The latest dispute involving the judiciary comes after a court challenged of his invocation of the Alien Enemies Act of 1798. It has been used only three times before in U.S. history, all during congressionally declared wars. Trump issued a proclamation that the law was newly in effect due to what he claimed was an invasion by the Venezuelan gang Tren de Aragua. His administration is paying El Salvador to imprison alleged members of the gang.
Boasberg, who was appointed by President Barack Obama, convened a hearing on Monday to discuss what he called “possible defiance” of his order after two deportation flights continued to El Salvador despite his verbal order that they be turned around to the U.S.
Trump administration lawyers defended their actions, saying Boasberg’s written order wasn’t explicit, while an attorney for the American Civil Liberties Union said “I think we’re getting very close” to a constitutional crisis.
The Justice Department is also pushing in court to have Boasberg removed from the case.
The Constitution gives the House of Representatives, where Republicans hold a slim majority, the power to impeach a judge with a simple majority vote. But, like a presidential impeachment, any removal requires a vote from a two-thirds majority from the Senate.
The president’s latest social media post aligns him more with allies like billionaire Elon Musk, who has made similar demands.
“What we are seeing is an attempt by one branch of government to intimidate another branch from performing its constitutional duty. It is a direct threat to judicial independence,” Marin Levy, a Duke University School of Law professor who specializes in the federal courts, said in an email.
Only one day earlier, White House press secretary Karoline Leavitt said, “I have not heard the president talk about impeaching judges.”
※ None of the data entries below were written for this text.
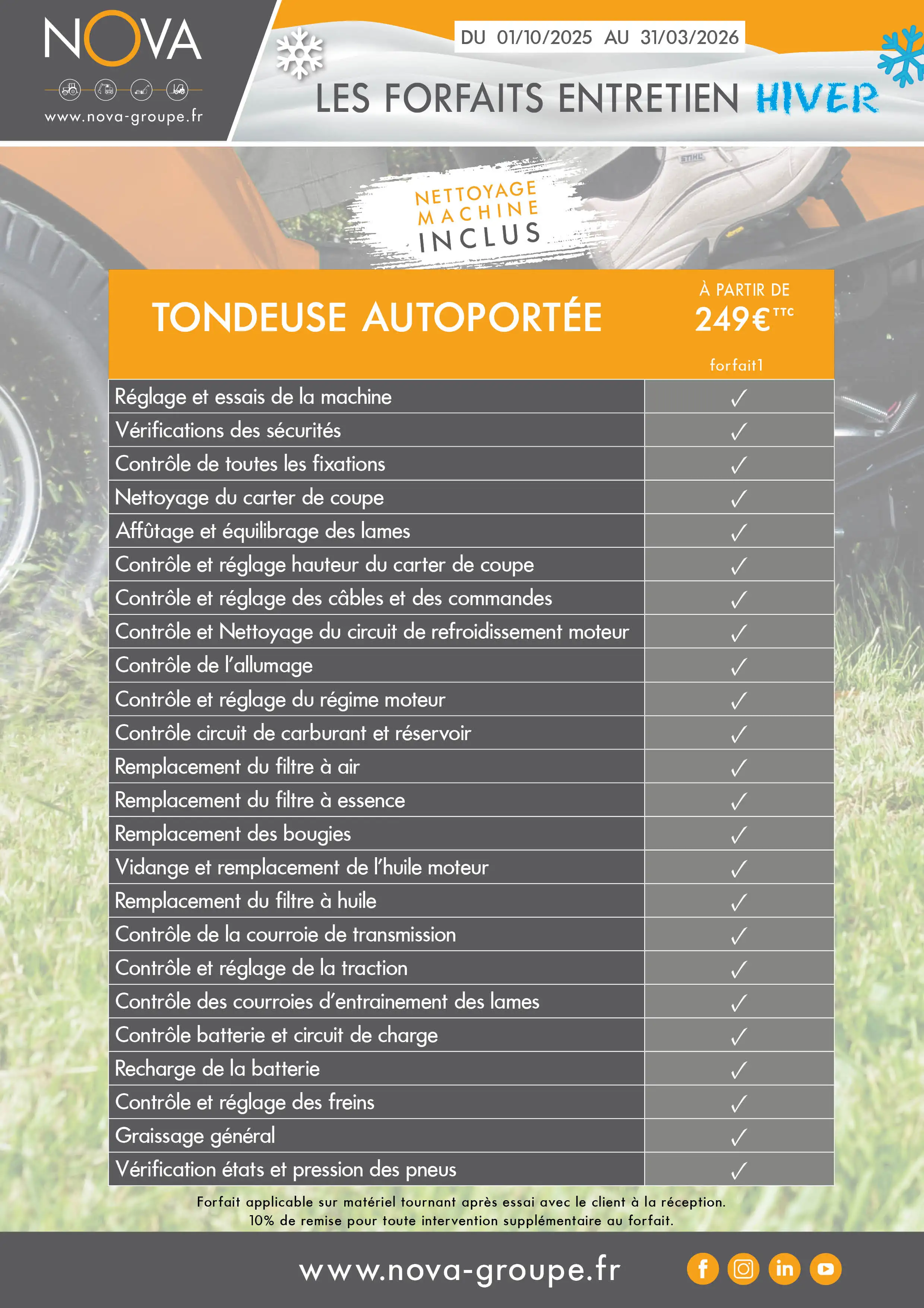 Nova vous propose une large choix de forfaits d’entretien hiver – printemps pour votre tronçonneuse, tondeuse, tracteur de tonte, débroussailleuse, motoculteur, robot de tonte et taille haies, thermique ou électrique
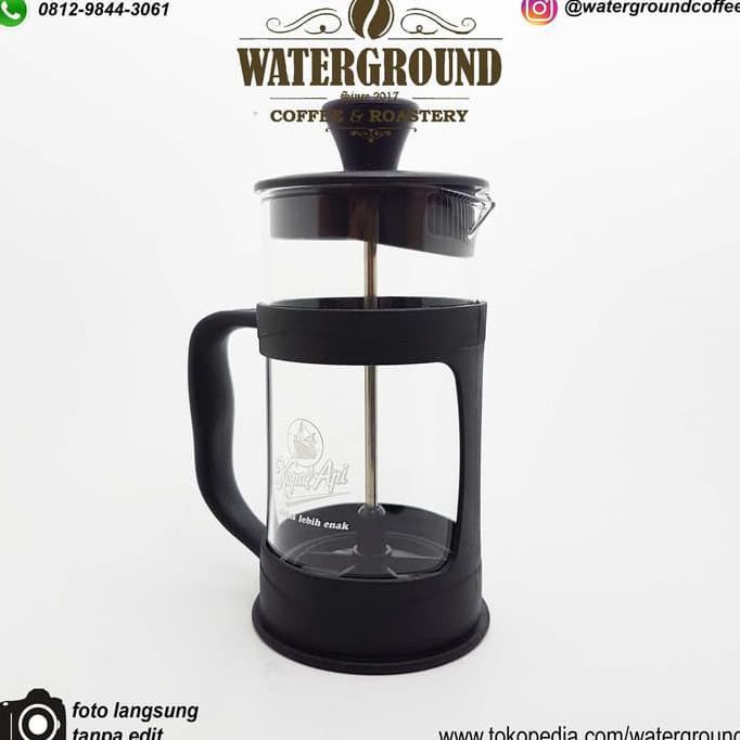 HARGA TERMURAH Dear Coffee Lovers,Buat kalian pecinta kopi yang baru-baru , pasti ga suka dong sama ampas bubuk kopi tubruk? Rasanya pahit terus sepet bikin ga nyaman di tenggorokan. Mau beli saringan kopi yang keren2 kayak barista tapi ga se "niat" itu buat ngopi nyantai di rumah pagi atau sore hari . Karena itu French Press cocok banget buat kamu nih..French Press memiliki nama yang berbeda2 di setiap belahan dunia. Di Italia disebut sebagai caffettiera a stantuffo . Di New Zealand, Australia , dan Afirka Selatan disebut sebagai Coffee Plunger . Kalau di Indonesia yah , disebutnya alat kopi ajah.Tidak diketahui jelas siapa yang pertama kali menemukan cara menyaring kopi dengan konsep coffee press ini , namun pastinya pada tahun 1900an konsep ini sangat banyak digunakan di Perancis (French) . Perkembangan bentuknya pun berubah sangat banyak dari awal penemuannya sampai modern seperti sekarang. Yah buat tau lebih lanjut silahkan cek wikipedoa aja lah hehe.Buat kamu yang butuh spesifikasi produk ini :Merk : Kapal ApiKapasitas : 350mL (Kapasitas Sebenarnya 430mL)Bahan : Kaca Tebal Tahan Panas dan Plastik Food GradeSaringan dengan tepi karet. (100% Kopi Tersaring)READY STOCK : HITAM DAN MERAH (NB : Jika tidak mencantumkan warna yang diinginkan maka akan dikirim sesuai stock tersedia yaa... XD)Jadi guys , nikmatin kopi hitam jangan mau lagi cuma tubruk aja. Disaring lagi dong pakai Kapal Api French Press !!!NB : Video hanya tutorial penggunaan umum , bukan produk kami Tq- Waterground Coffeebarang kami selalu ready ya kak bila ada di etalase... jangan ragu untuk segera order barang kita ya kak.... No return No komplainbaca diskripsi sebelum membeli... terima kas
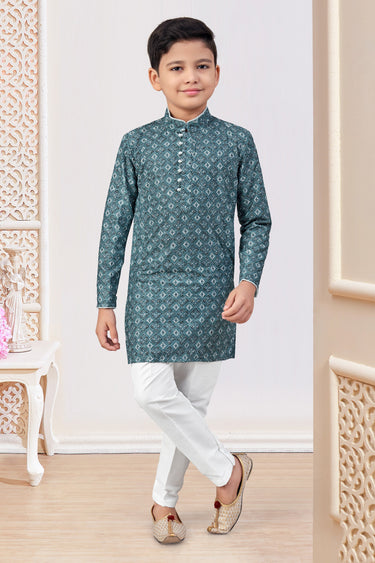 Rayon Fabric Teal Color Traditional Wear Boys Readymade Kurta Pyjama
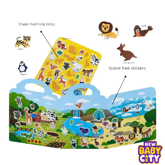 This activity encourages early learning, creativity, and hands-on exploration. Children can match stickers with the correct scenes or design their own fun combinations, helping to develop fine motor skills, hand-eye coordination, and logical thinking.
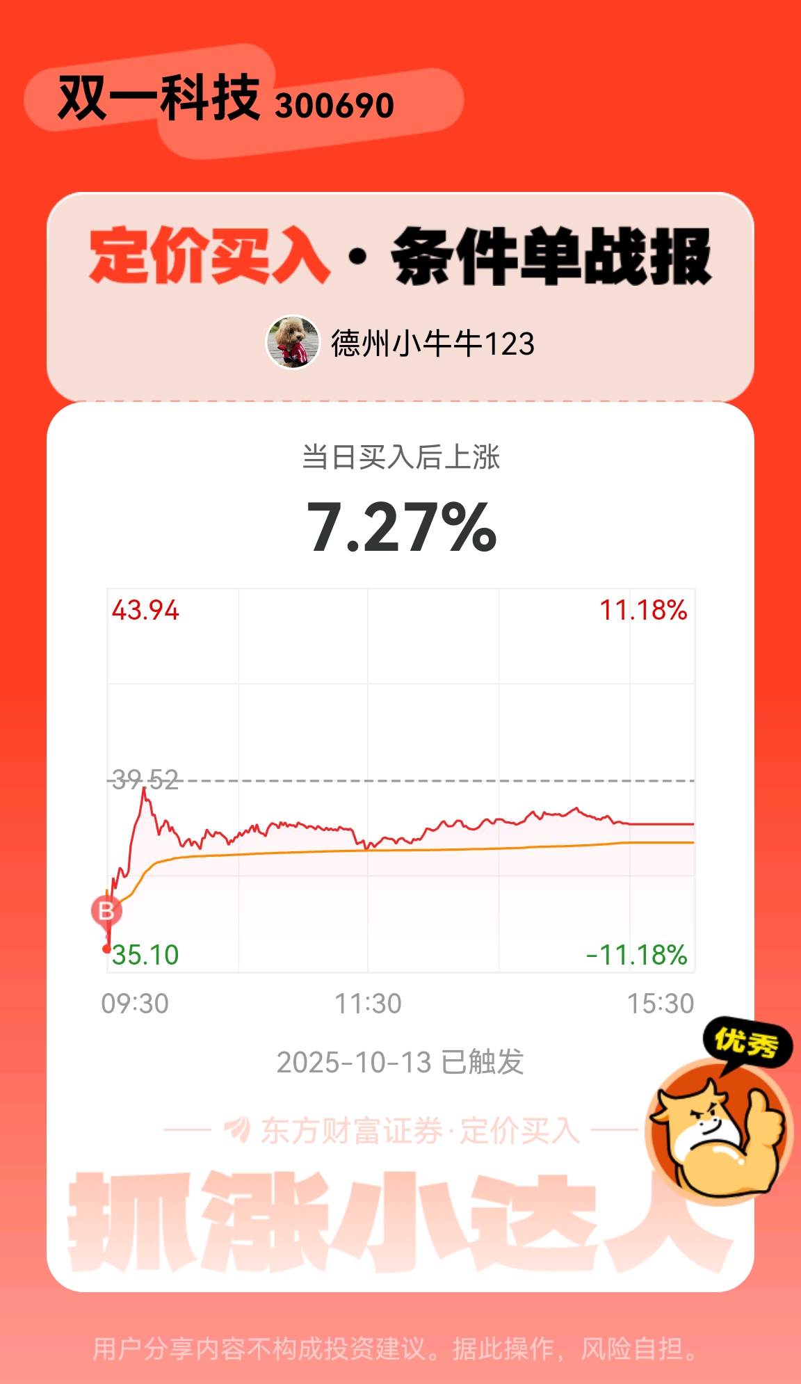 #条件单交流# #定价买入晒单# 我方派出一个定价买入条件单,立时就征服了$双一科技(SZ300690)$
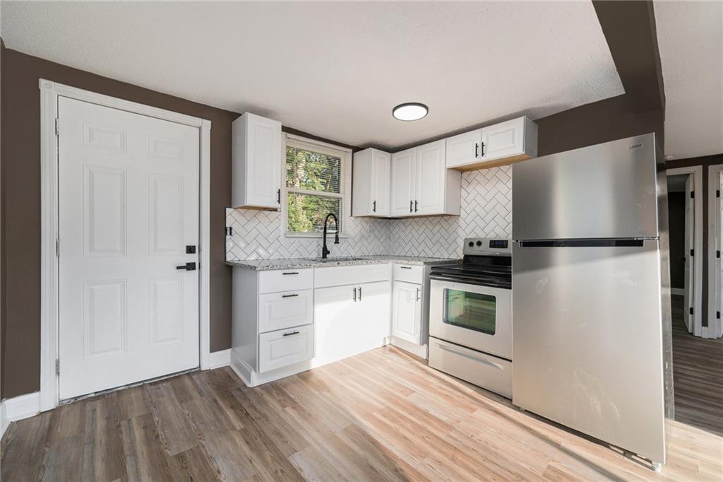 Make this fully renovated, Turn-key home yours! This 2 Bed 1 Bath is all NEW. Includes a HUGE Detached garage for additional storage/parking. Seller will have the garage door replaced prior to closing. Updates include; New Exterior Siding, Fresh exterior painting, All Windows have been replaced, New Trim & Doors throughout, Kitchen Cabinets, Tile backsplash & granite countertops, new bathroom, LVP throughout, New Electrical Panel, new Air Conditioner and much more! Basement offers extra room to add to your square footage, Partially framed & drywalled.
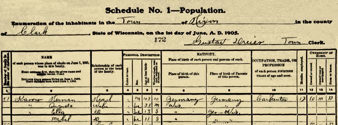 Augusta Karow 35y Herman Karow 1905, F. F 35 Married White W 1870 Abt 1870 WI
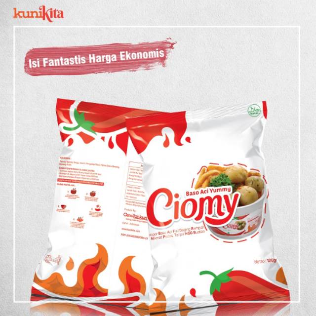 Satu cup ciomy terdiri dari: baso aci, tahu kering, siomay kering, d'tella hot, bumbu, cabai, bumbu kacang, minyak ebi, jeruk limau dan juga ada tambahan MIE SO'UN.
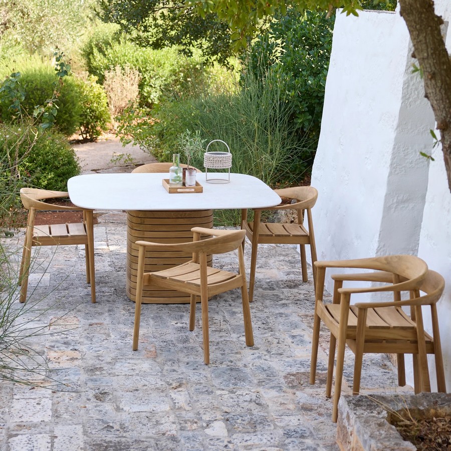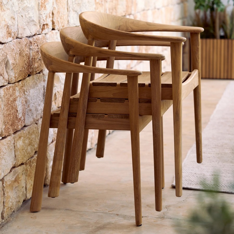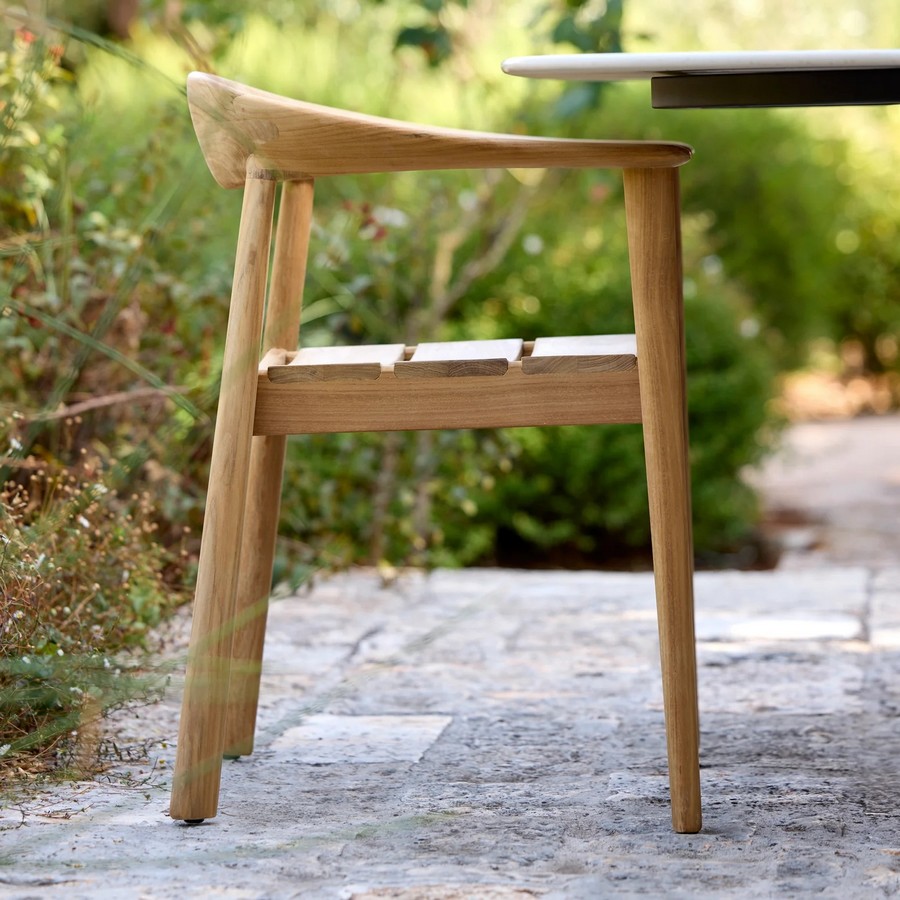 Luxusní židle Majestic spojuje moderní jednoduchost s přirozenou elegancí teaku. Charakteristické nohy, čisté linie a jemně zaoblené područky vytvářejí nadčasový design, který se hodí do interiéru i exteriéru. Certifikovaný teak dodává křeslu hřejivý výraz a vysokou odolnost. Pro ještě větší pohodlí lze křeslo doplnit o podsedák.
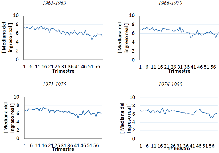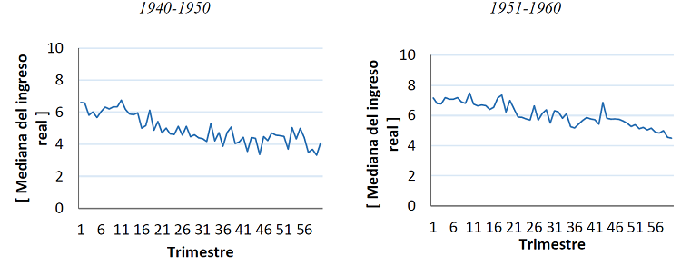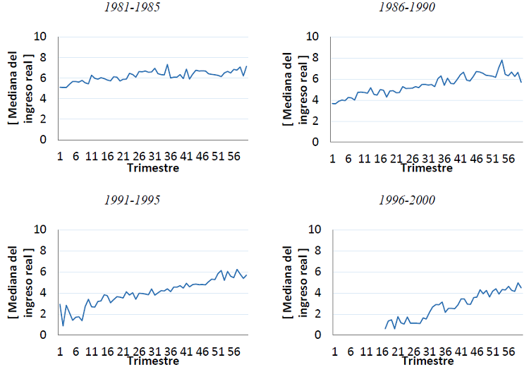 En la gráfica 4 se muestra la tendencia de los ingresos por cohortes. Encontramos que en las primeras tres cohortes (1940-1950, 1951-1960 y 1961-1965) se observa una tendencia negativa en la media de ingresos reales mensuales. Por otro lado, la mediana del ingreso real de las siguientes tres cohortes (1966-1970, 1971-1975 y 1976-1980) empieza a estabilizarse; es decir, su pendiente es cercana a cero. A partir de la cohorte de 1981-1985 y hasta la cohorte más reciente, la mediana del ingreso real tiene una pendiente positiva y, por lo tanto, su poder adquisitivo ha aumentado.
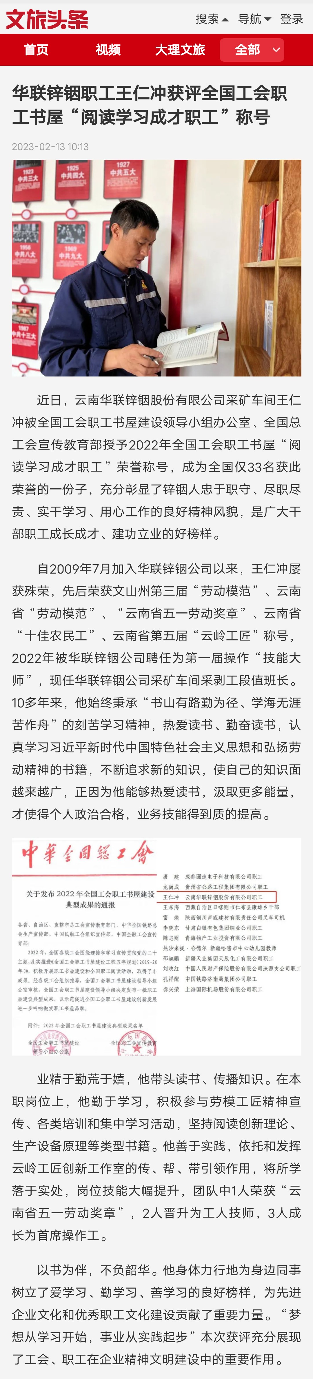 文旅头条:华联锌铟职工王仁冲获评全国工会职工书屋“阅读学习成才职工”称号
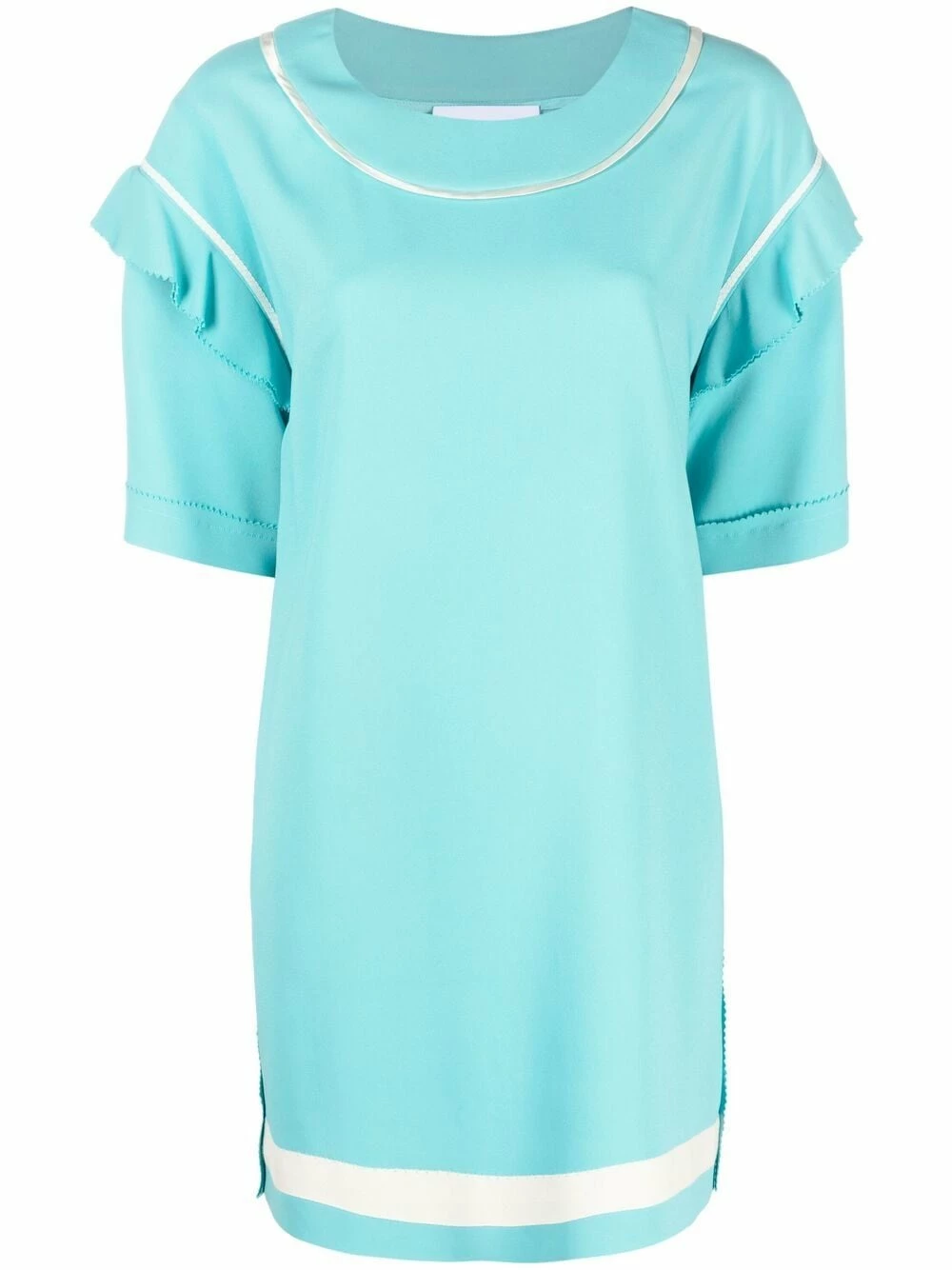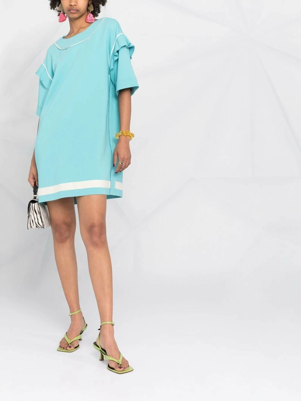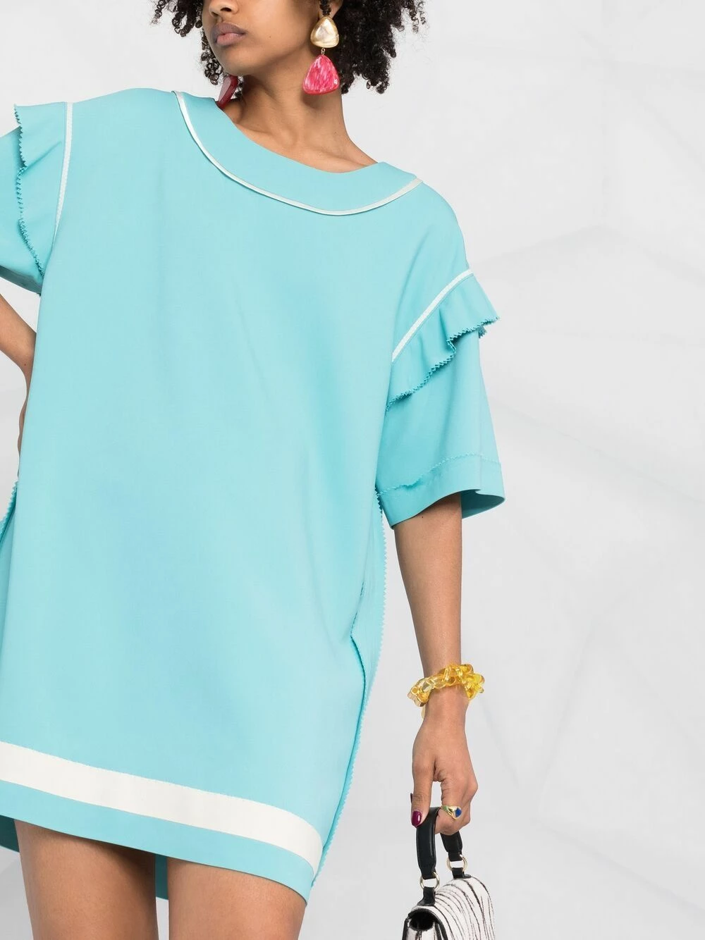 Monday is nothing a nice outfit can’t fix. Finished with ruffled and stripe detailing, this T-shirt dress from Moschino is the only kind of blues you need in your life. Guess who’s leaving the house in a great mood and an even better look…

Just 15 judges have been impeached in the nation’s history, according to the U.S. courts governing body, and just eight have been removed.
The last judicial impeachment was in 2010. G. Thomas Porteous Jr. of New Orleans was impeached on charges he accepted bribes and then lied about it. He was convicted by the Senate and removed from office in December 2010.
Calls to impeach judges have been rising as Trump’s sweeping agenda faces pushback in the courts, and at least two members of Congress have said online they plan to introduce articles of impeachment against Boasberg. House Republicans already have filed articles of impeachment against two other judges, Amir Ali and Paul Engelmayer, over rulings they’ve made in Trump-related lawsuits.
Leavitt is one of three administration officials who face a lawsuit from The Associated Press on First- and Fifth-amendment grounds. The AP says the three are punishing the news agency for editorial decisions they oppose. The White House says the AP is not following an executive order to refer to the Gulf of Mexico as the Gulf of America.